---- GIVEN DATA

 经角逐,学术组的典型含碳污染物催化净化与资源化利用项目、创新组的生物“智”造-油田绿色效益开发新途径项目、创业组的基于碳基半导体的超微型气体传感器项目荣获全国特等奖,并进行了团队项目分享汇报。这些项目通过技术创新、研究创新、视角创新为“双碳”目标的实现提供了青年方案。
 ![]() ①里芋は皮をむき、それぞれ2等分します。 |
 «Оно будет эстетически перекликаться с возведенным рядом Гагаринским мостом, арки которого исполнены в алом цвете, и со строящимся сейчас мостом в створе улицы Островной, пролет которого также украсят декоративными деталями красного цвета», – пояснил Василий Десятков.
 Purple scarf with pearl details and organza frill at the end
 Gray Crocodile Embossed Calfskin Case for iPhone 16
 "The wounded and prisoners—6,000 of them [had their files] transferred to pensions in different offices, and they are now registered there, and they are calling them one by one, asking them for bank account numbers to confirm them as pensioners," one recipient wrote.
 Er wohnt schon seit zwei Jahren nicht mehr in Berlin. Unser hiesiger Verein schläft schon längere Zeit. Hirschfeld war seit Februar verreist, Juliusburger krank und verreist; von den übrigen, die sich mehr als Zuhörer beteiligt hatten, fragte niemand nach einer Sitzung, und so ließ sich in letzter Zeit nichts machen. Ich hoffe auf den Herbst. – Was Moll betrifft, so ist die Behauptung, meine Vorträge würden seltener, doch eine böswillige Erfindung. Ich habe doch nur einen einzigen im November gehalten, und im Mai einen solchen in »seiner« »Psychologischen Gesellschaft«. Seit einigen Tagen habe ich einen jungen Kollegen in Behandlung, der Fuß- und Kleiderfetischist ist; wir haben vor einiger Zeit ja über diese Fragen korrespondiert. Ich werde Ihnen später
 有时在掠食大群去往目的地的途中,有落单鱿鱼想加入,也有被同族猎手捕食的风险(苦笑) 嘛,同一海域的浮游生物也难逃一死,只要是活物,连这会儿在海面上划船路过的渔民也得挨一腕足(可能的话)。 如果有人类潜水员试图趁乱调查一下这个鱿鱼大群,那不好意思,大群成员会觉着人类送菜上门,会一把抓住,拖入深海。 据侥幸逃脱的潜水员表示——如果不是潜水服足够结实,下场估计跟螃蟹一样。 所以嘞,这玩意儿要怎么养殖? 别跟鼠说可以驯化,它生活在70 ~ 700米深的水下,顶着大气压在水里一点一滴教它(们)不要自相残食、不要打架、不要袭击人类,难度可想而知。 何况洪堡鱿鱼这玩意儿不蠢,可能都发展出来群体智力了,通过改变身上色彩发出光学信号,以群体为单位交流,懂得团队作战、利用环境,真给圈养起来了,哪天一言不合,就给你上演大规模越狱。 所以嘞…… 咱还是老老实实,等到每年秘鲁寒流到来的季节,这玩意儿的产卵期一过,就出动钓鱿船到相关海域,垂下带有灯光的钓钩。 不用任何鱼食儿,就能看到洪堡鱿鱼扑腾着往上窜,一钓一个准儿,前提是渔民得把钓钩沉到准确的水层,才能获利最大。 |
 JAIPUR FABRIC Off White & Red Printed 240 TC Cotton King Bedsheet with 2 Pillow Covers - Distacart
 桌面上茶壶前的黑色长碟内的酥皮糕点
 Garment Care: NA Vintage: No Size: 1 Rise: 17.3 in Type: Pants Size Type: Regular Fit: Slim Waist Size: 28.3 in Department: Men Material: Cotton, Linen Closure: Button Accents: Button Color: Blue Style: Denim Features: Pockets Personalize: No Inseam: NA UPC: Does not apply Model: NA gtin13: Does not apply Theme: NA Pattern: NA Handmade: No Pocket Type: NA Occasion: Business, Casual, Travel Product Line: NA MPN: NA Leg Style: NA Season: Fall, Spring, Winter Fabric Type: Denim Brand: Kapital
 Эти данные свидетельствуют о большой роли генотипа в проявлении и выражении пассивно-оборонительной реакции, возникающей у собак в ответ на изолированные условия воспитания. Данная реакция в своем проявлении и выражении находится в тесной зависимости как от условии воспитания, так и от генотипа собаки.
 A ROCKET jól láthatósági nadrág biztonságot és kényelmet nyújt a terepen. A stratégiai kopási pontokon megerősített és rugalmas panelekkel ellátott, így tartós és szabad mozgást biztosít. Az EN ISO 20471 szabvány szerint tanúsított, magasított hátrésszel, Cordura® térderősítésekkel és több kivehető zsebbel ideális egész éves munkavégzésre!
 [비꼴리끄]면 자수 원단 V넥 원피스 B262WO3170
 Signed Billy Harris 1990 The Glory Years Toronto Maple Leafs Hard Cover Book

--------

● **ACTION ITEM**: Filter the listing for the word "with" and copy every line that holds it.

● **WRITTEN SOLUTION**:
 Purple scarf with pearl details and organza frill at the end
 JAIPUR FABRIC Off White & Red Printed 240 TC Cotton King Bedsheet with 2 Pillow Covers - Distacart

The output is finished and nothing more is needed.